Tuesday, May 11, 2010

The Pill at 50: Part One

Today is Tuesday, 11 May 2010.

On 9 May 1960, Enovid became the first oral contraceptive pill to be approved by a national pharmaceutical regulatory agency (FDA).

Family size (and by this I mean the number of children surviving to labouring viability) in pre-modern agricultural societies was fundamentally geared to the amount of viable land a family had at their disposal. Given the primitive state of hygiene and medicine during this period, which lasted through most of human history, the challenge was to produce enough children who would live to an age at which they could contribute to agricultural labour, balanced against the amount of land available to the family. Too few surviving children, and the family’s life would be marginal; too many surviving children, ditto.

As agricultural production technology improved, the number of labourers required to produce the same amount of foodstuffs declined.

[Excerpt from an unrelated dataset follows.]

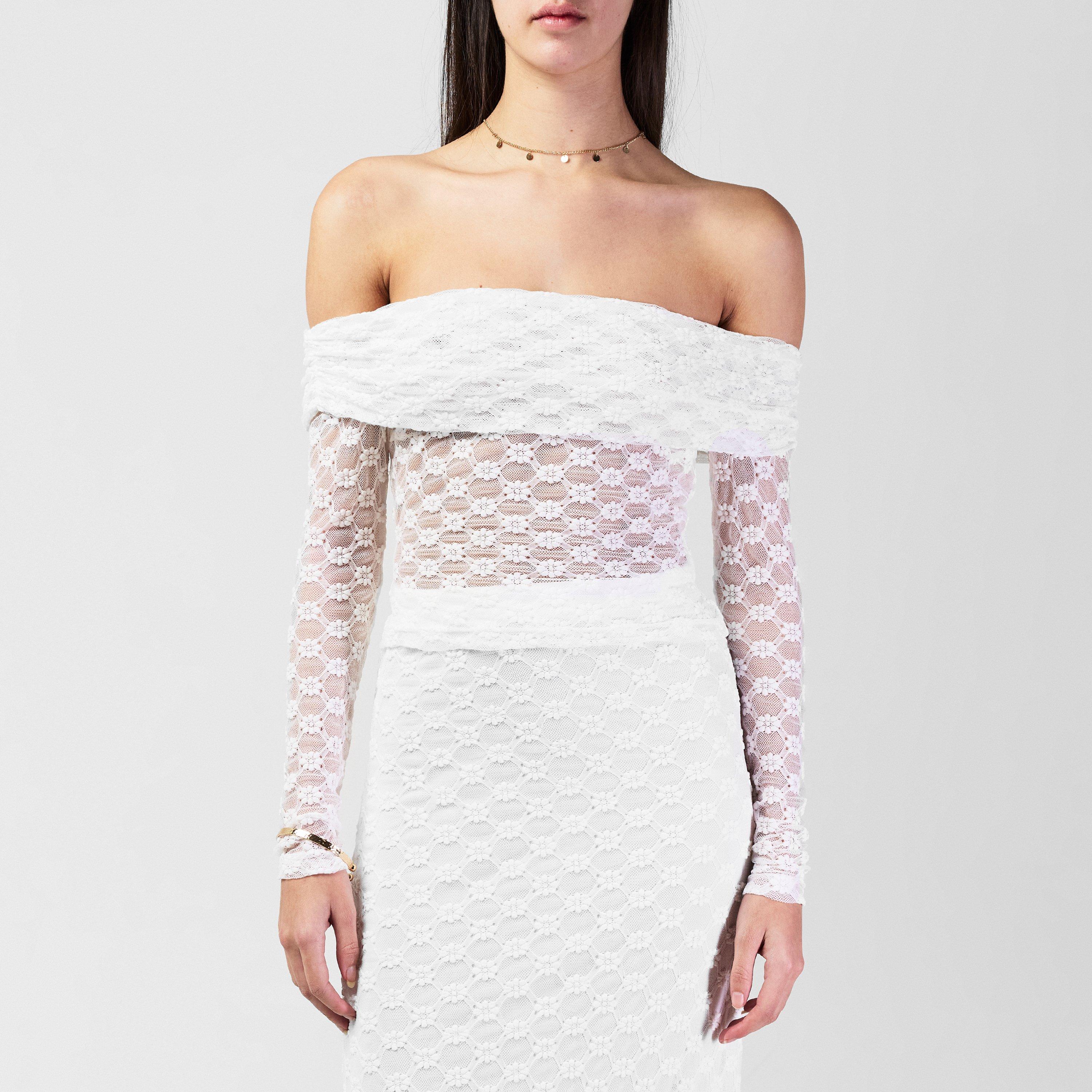 The Adoni Off The Shoulder Top is designed for a form fit with long sleeves, high hip length and lace detailing.

As societal complexity developed, the number of mouths not directly involved in agricultural production increased (traders, artisans, ruling elites and their minions, etc.). The layers of rulers and their minions, producing nothing but powers of coercion, could only be supported (fed, housed, clothed) by compelling the peasantry to give up a portion of their agricultural, etc. production (food, timber, stone, raw materials for clothing and weapons, etc.). Thus, a peasant family needed to be large enough not only to feed and reproduce itself, but also to provide the various means to feed, etc. and reproduce the non-agricultural members of society.

It was thus in the best interest of rulers to influence peasant families to be as large as the land could support, creating the largest possible “surpluses” for the rulers to expropriate. The nature of that influence changed drastically when the Christian Church became a significant component of the ruling elites during the Early Middle Ages (476 CE to approx. 1000 CE).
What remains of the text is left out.